Monday, March 4, 2013

Week 8: Gee's Discourse Analysis: A few Questions


In the interest of trying to get ready to write an analysis of my own, for my response this week I want to primarily focus on Gee’s 7th chapter on Discourse Analysis. I have two major sets of issues and questions to address. 

First:
Gee notes at the beginning of the chapter that “Making sense is always a social and variable matter:  what makes sense to one community may not make sense to another.  Thus, to understand sense-making in language it is necessary to understand the ways in which language is embedded in society and social institutions (such as families and schools)” (112). 

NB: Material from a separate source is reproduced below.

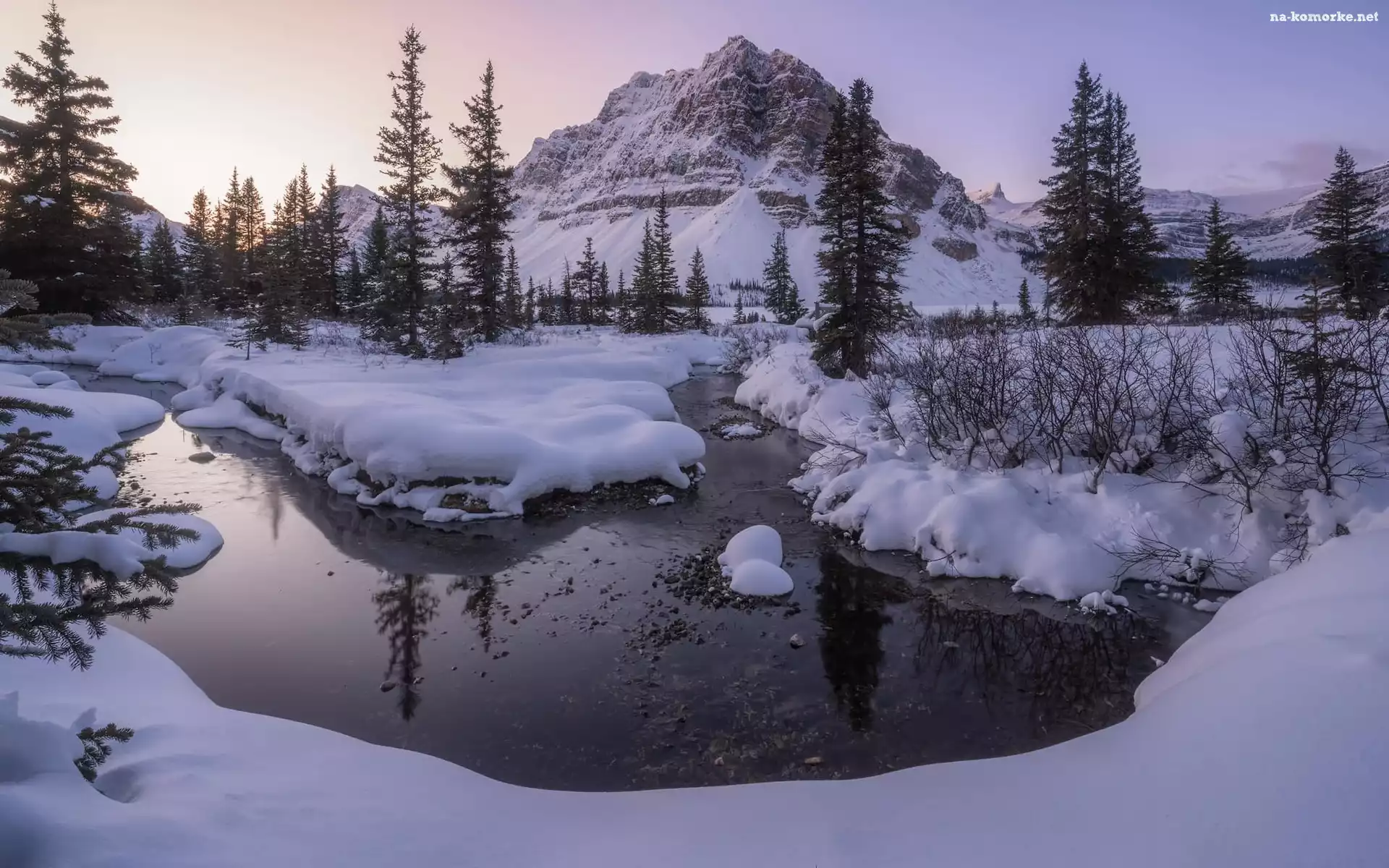 Park Narodowy Banff, Drzewa, Jezioro, Kanada, Zima, Wschód słońca, Góry, Alberta na Komórkę

If it is true that to understand the language you must understand how language functions in a society, to what degree can people like me interested in old texts from societies long past make any sense of texts? For that matter, can an outsider ever really come to have the kind of insider knowledge that Dracula so vehemently longs for in Gee’s example?  And, ethically, if we as researchers do not have an insiders knowledge, what right do we have to analyze and try to make meaning out of a text? 

Second:
I also have some questions about Gee’s system for discourse analysis.  In what he calls his “five inter-related linguistic systems” that work together to “constitute the sensefulness of a text” (116) he outlines his procedure for discourse analysis.  My first frustration with Gee’s analysis methods is that while he claims to be interested in texts of any kind—oral or written, one system really doesn’t seem to apply much to written text.  It is hard to imagine prosody as a tool when looking at writing.  I suppose you might look at line breaks or punctuation for clues about prosody?

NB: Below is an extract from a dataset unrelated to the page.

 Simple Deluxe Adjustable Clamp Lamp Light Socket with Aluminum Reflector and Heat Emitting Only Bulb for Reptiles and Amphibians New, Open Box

I also wonder about the ways that hand gestures, facial expressions, illustrations, or paratextual apparatuses might fit in to Gee’s schema.  They seem to me to be as much a part of the discourse, as much a part of linguistic meaning-making as the written or spoken word.  For example, Old English manuscripts often have marginalia—doodlings, illustrations, figures that act as parts of the discourse and can help readers significantly in terms of making sense of the whole text.  

So my question is, where do they fit? Perhaps in “Contextualization signals”? I’m not sure that this is a good fit though. Would it be useful to put some of these sorts of discursive tools into a new system of analysis?